Humans have failed to truly accept others for who they are. Until the human race makes a commitment to truly accept each other’s differences while also trying to understand and adapt to those differences, conflict and lack of potential opportunities will always be present. Effective leaders need to have a “Worldwide” mindset and understand that often their followers are not always going to agree with them nor hold the same beliefs. If those in leadership roles can effectively show their ability of acceptance, their followers are much more likely to respect them and will still want to follow their lead despite their differences.
Being adaptable is only possible after acceptance. Once one truly accepts others and their differences, then they can use this acceptance to learn and adapt to this person’s strengths to help them become the best versions of themselves. And when everyone is operating as the best version of themselves this is all the better for collective efforts within the business or team. Just remember acceptance before adaption. It legitimately cannot work the other way around.
Leaders (Effective Ones)
It is truly an art form in today’s world to become an effective leader in a multicultural environment. The most important thing to remember is that before one can effectively lead others, they must first have the ability to effectively lead themselves. Only then is the SWAL concept possible to implement. Leading yourself effectively involves having a solid personal foundation. The ability to listen to comprehend, the ability to accept and then adapt all are a by-product of your foundation as a person. Think of it as building a house. Before you can build the structure, you have to have a strong foundation laid.
So, before these soft skills can be put to use, your foundation has to be strong. Everyone aspiring to attain a leadership role should first and foremost understand themselves as a person and prioritize their foundation before taking on the responsibility of effectively leading others. Please be humble enough to understand when you are ready and when your foundation needs work. And also realize that it is alright to be a follower in the beginning. Despite the negative undertones associated with the word follower, sometimes in life, you have to be under the tutelage of those more capable than you in order to build your foundation and to reach your potential.
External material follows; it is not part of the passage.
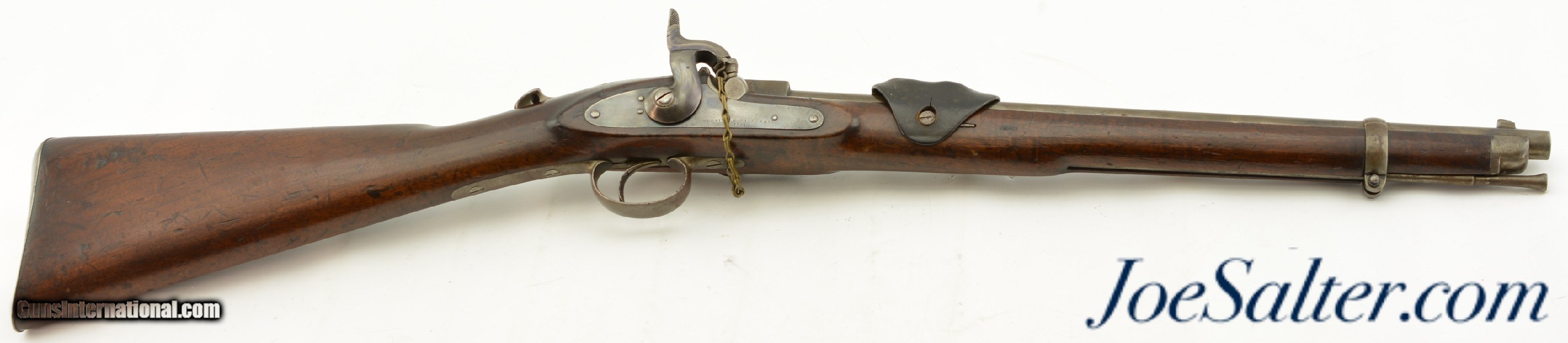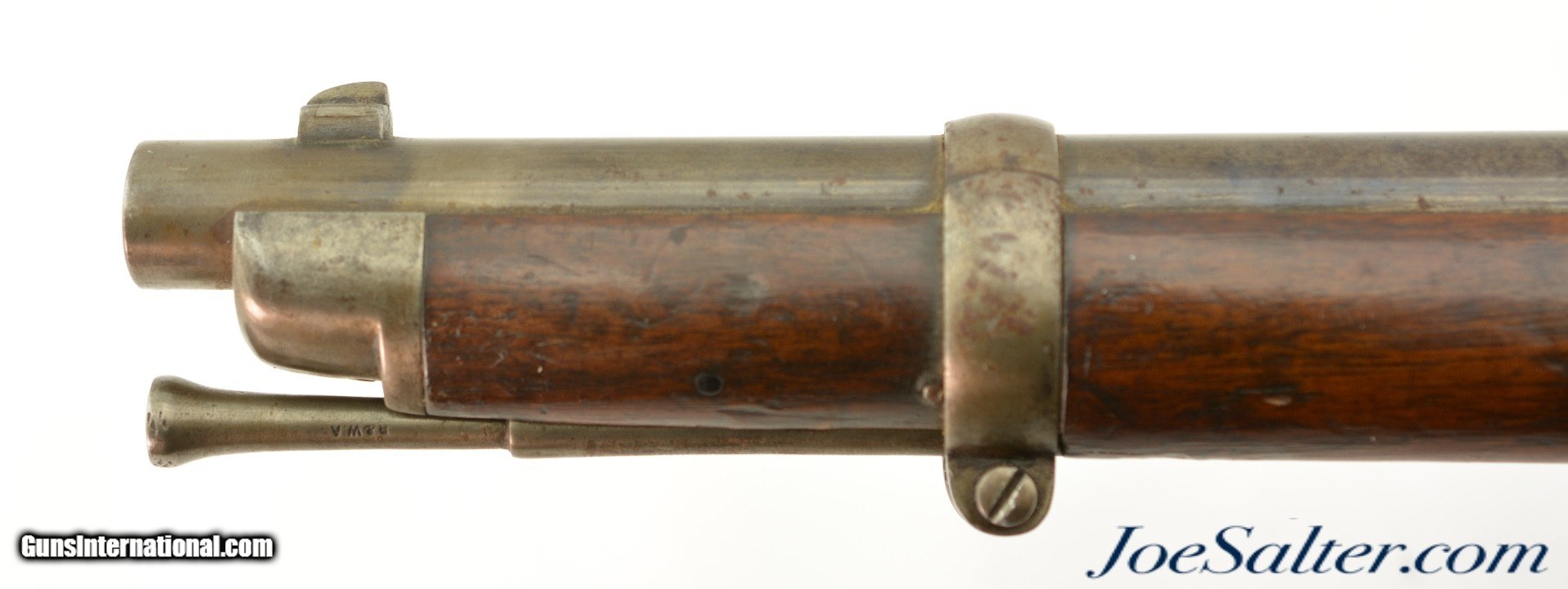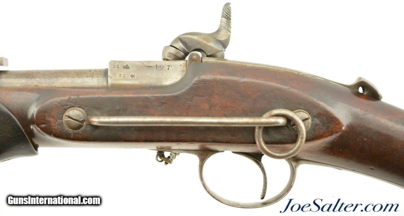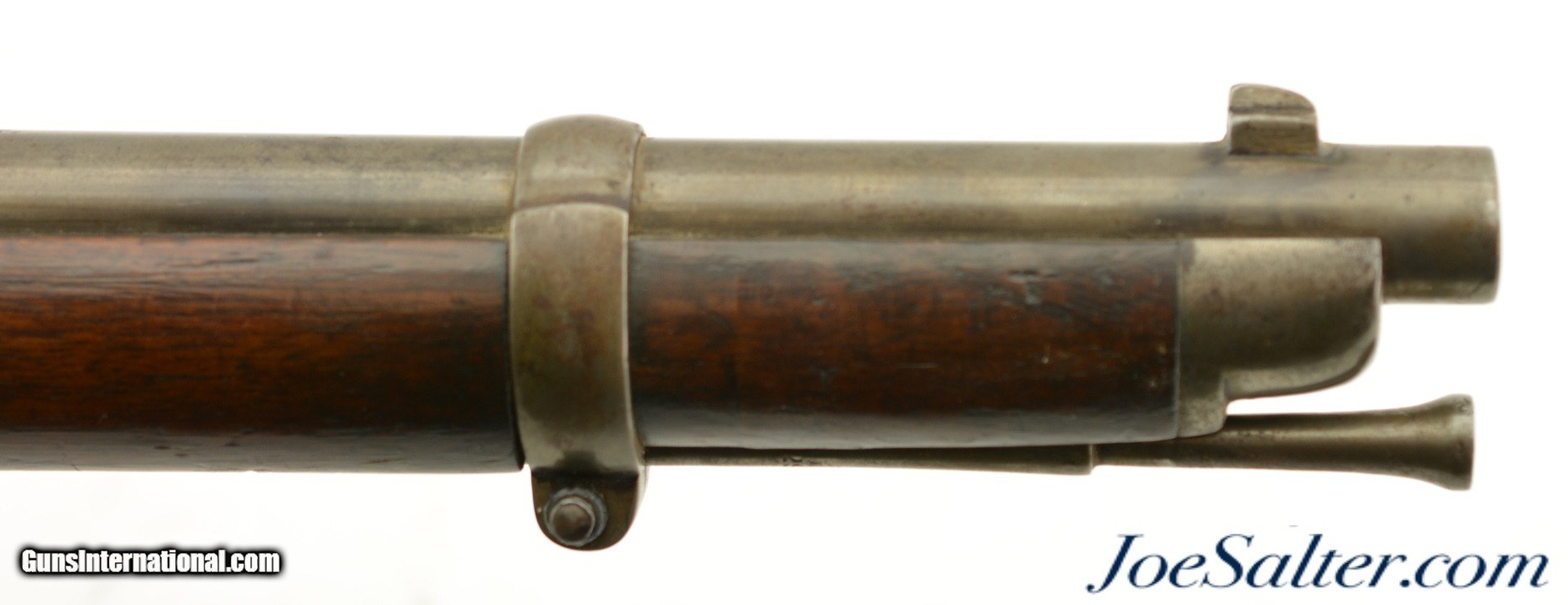 Description: Serial #197, .451 Caliber, 19" barrel with a very good, bright bore that has mild freckling and light pitting within the grooves. This is an 1861-dated carbine, and one of only sixty privately purchesed to arm select troopers of the Royal Gloucestershire Hussars. The carbine has matching serial numbers on the receiver, breech lever, rear sight, and on the underside of the wrist just behind the tip of the lower tang. The barrel and receiver have a mottled gray and plum-brown patina with some pitting present on and around the nipple bolster at the breech. The breech lever has a slightly grayer tone, as does the hammer, while the "WESTLEY RICHARDS & Co. / 1861" marked lockplate has a smooth bluish-gray patina with added blue visible along its length. The walnut stock has a thick added oil finish over numerous small handling marks and minor blemishes scattered throughout, but there are no noticeable cracks or chips in the wood. The brass trigger guard and buttplate have developed a dark ochre patina over time, with a clear unit issue marking on the buttplate tang: "RGH.44" (Royal Gloucester Hussars, carbine number 44). The carbine comes equipped with the original steel ramrod, leather sight cover, and chained nipple protector. In 1861, Charles Somerset, 8th Duke of Beaufort, purchased 60 Monkey Tail carbines at his own expense to equip the best marksmen in the regiment, who were to act as outriders and skirmishers, with a quick loading, capping breechloader capable of rapid fire. The carbines were issued at the rate of 12 per squadron, until 1871, when Monkey Tails were adopted for the entire regiment. This is a truly rare piece of Victorian British military history, and is in very good-near fine condition overall. Antique; Antique: Yes Price: $3,795.00 Contact Seller |

So, you must understand that long-term success in a leadership role can be dependent on the ability to implement the SWAL concept. Please understand that it all starts with you. Prioritize yourself and your development over anything else. It is not selfish; it is necessary. Our world is in desperate need of SWALeaders. While they certainly do exist in today’s world, there simply are not enough.
So, look within yourself and ask: am I sensible? Do I think "worldwide?" Am I adaptable? Am I an effective leader? If your answer is no to any one of these questions, remember: start with yourself.